Exercise input Block Start
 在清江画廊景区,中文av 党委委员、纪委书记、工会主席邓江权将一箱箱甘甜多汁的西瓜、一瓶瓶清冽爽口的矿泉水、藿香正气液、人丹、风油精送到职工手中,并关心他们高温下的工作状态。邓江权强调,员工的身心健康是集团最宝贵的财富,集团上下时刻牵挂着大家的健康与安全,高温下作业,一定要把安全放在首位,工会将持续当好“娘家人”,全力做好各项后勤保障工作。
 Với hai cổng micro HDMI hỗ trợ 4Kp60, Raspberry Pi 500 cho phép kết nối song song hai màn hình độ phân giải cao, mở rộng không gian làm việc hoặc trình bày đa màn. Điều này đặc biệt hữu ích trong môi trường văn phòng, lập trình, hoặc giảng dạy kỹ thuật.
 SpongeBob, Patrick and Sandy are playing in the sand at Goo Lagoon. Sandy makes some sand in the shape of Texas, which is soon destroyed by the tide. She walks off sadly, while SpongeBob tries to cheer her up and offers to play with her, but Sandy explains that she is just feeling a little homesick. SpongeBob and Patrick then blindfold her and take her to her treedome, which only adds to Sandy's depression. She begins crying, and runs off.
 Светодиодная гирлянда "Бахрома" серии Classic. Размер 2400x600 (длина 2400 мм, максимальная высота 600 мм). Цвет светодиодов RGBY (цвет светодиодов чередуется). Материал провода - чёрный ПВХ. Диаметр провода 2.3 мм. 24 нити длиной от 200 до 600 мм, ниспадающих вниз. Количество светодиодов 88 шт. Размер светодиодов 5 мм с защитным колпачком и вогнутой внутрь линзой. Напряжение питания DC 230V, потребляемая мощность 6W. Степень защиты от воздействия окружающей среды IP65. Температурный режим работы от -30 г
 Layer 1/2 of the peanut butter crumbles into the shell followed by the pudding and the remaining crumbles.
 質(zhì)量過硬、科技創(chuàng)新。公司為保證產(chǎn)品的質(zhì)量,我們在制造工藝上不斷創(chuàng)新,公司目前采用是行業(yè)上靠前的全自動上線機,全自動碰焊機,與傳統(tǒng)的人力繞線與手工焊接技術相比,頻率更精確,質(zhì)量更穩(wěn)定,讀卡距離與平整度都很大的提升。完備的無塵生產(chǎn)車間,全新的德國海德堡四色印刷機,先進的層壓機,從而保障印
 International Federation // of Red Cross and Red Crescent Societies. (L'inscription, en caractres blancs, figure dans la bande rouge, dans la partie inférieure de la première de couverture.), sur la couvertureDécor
Exercise input Block End
## Exercise directions
Start at the first line and transcribe the data exactly through the last.

## Answer to this task
 在清江画廊景区,中文av 党委委员、纪委书记、工会主席邓江权将一箱箱甘甜多汁的西瓜、一瓶瓶清冽爽口的矿泉水、藿香正气液、人丹、风油精送到职工手中,并关心他们高温下的工作状态。邓江权强调,员工的身心健康是集团最宝贵的财富,集团上下时刻牵挂着大家的健康与安全,高温下作业,一定要把安全放在首位,工会将持续当好“娘家人”,全力做好各项后勤保障工作。
 Với hai cổng micro HDMI hỗ trợ 4Kp60, Raspberry Pi 500 cho phép kết nối song song hai màn hình độ phân giải cao, mở rộng không gian làm việc hoặc trình bày đa màn. Điều này đặc biệt hữu ích trong môi trường văn phòng, lập trình, hoặc giảng dạy kỹ thuật.
 SpongeBob, Patrick and Sandy are playing in the sand at Goo Lagoon. Sandy makes some sand in the shape of Texas, which is soon destroyed by the tide. She walks off sadly, while SpongeBob tries to cheer her up and offers to play with her, but Sandy explains that she is just feeling a little homesick. SpongeBob and Patrick then blindfold her and take her to her treedome, which only adds to Sandy's depression. She begins crying, and runs off.
 Светодиодная гирлянда "Бахрома" серии Classic. Размер 2400x600 (длина 2400 мм, максимальная высота 600 мм). Цвет светодиодов RGBY (цвет светодиодов чередуется). Материал провода - чёрный ПВХ. Диаметр провода 2.3 мм. 24 нити длиной от 200 до 600 мм, ниспадающих вниз. Количество светодиодов 88 шт. Размер светодиодов 5 мм с защитным колпачком и вогнутой внутрь линзой. Напряжение питания DC 230V, потребляемая мощность 6W. Степень защиты от воздействия окружающей среды IP65. Температурный режим работы от -30 г
 Layer 1/2 of the peanut butter crumbles into the shell followed by the pudding and the remaining crumbles.
 質(zhì)量過硬、科技創(chuàng)新。公司為保證產(chǎn)品的質(zhì)量,我們在制造工藝上不斷創(chuàng)新,公司目前采用是行業(yè)上靠前的全自動上線機,全自動碰焊機,與傳統(tǒng)的人力繞線與手工焊接技術相比,頻率更精確,質(zhì)量更穩(wěn)定,讀卡距離與平整度都很大的提升。完備的無塵生產(chǎn)車間,全新的德國海德堡四色印刷機,先進的層壓機,從而保障印
 International Federation // of Red Cross and Red Crescent Societies. (L'inscription, en caractres blancs, figure dans la bande rouge, dans la partie inférieure de la première de couverture.), sur la couvertureDécor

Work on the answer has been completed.